When such water freezes, stress is generated due to its volume expansion. In order to eliminate the influence of this stress on the diaphragm 24a, in the present embodiment, in the lid 2, the projections 2a of the rectangular parallelepiped are provided directly above the pressure introducing portion of the pressure detection unit 100 with an interval of about 1.5 mm. I am trying to form. By forming the protrusion 2a, when the water filled in the pressure guiding chamber 4 is frozen, the protrusion 2a and the pressure detection unit 10
During the zero pressure introduction part, ice forms faster than the surroundings, and an ice wall is formed. When the ice wall is formed, since the surrounding area is still water, the stress caused by the volume expansion of the ice is absorbed by the surrounding water area and is not transmitted to the diaphragm 24a. After that, the pressure guiding chamber 4
Even if the entire water freezes, the resulting stress is blocked by the ice walls. Therefore, the pressure guiding chamber 4
The problem that the diaphragm 24a is damaged due to freezing of the water filled in the inside is solved.
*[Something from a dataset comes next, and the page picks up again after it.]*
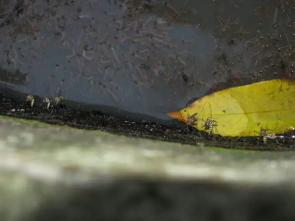 Six Culex females laying in a NON-NATURAL water-body
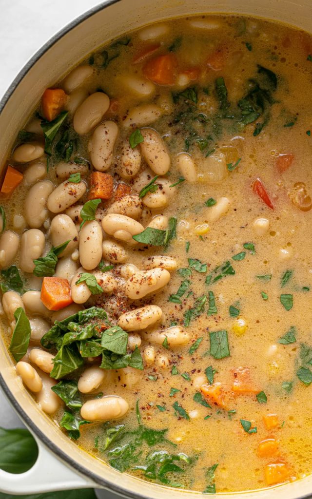 Keywords: Tuscan white bean soup, vegan white bean soup, creamy vegan soup, Italian white bean soup, one pot vegan soup, plant based soup, healthy vegan dinner, easy vegan recipe

The above pressure sensor is assembled as shown in FIG. First, as shown in FIG. 2A, the pressure detection unit 100 is fixed to the jig 50. In this state,
As shown in FIG. 2 (b), the housing body 1 includes the support portions 1 a, 1 b, etc. of the stem 22 of the pressure detection unit 100.
Fix it so that it touches. Then, the lead 26 and the lead 5 are welded. Then, after removing the jig 50, as shown in FIG. 2C, an adhesive is injected into the fitting portions of the lids 2 and 3, and the housing body portion 1 is adhesively fixed.
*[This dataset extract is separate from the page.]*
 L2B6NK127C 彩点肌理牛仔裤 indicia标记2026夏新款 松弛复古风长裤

In the above embodiment, the metal pipe 27 shown in FIG. 3 is eliminated. If such a metal pipe 27 is provided, the water in the pressure guiding chamber 4 easily freezes during cold due to heat transfer in that portion, but in the present embodiment, such a pipe 27 is eliminated and the pressure guiding chamber 4 is eliminated. The water inside is hard to freeze. In the above embodiment, the protrusion 2a
Has a rectangular parallelepiped shape. However, this protrusion 2
The shape of a is not limited to a rectangular parallelepiped, and may be cylindrical or triangular. Further, the surface of the portion of the pressure detection unit 100 facing the pressure introduction portion may not be flat, but may be a loose arc. In short, the pressure detection unit 10
It is sufficient that the protrusions are kept in a shape and a distance capable of forming an ice wall with the zero pressure introduction portion. Also, the protrusion 2
The a is not limited to be integrally formed with the lid 2 and may be formed separately from the lid 2.

Further, instead of the projection 2a provided on the lid 2, the opening 2 of the stem 22 is opened from the inner wall of the housing 200.
A protruding member may be formed right above 2a, and an ice wall may be formed between the protruding member and the opening 22a. Further, in the above-mentioned embodiment, the pressure introducing port 3a is provided on the lower side of the pressure guiding chamber 4, but since this pressure introducing port may guide the pressure to the pressure guiding chamber 4, its pressure guiding direction is The direction is not limited to the downward direction and may be any other direction. In that case, the pressure introducing port 3a is not limited to be integrally formed with the lid 3, and may be formed separately.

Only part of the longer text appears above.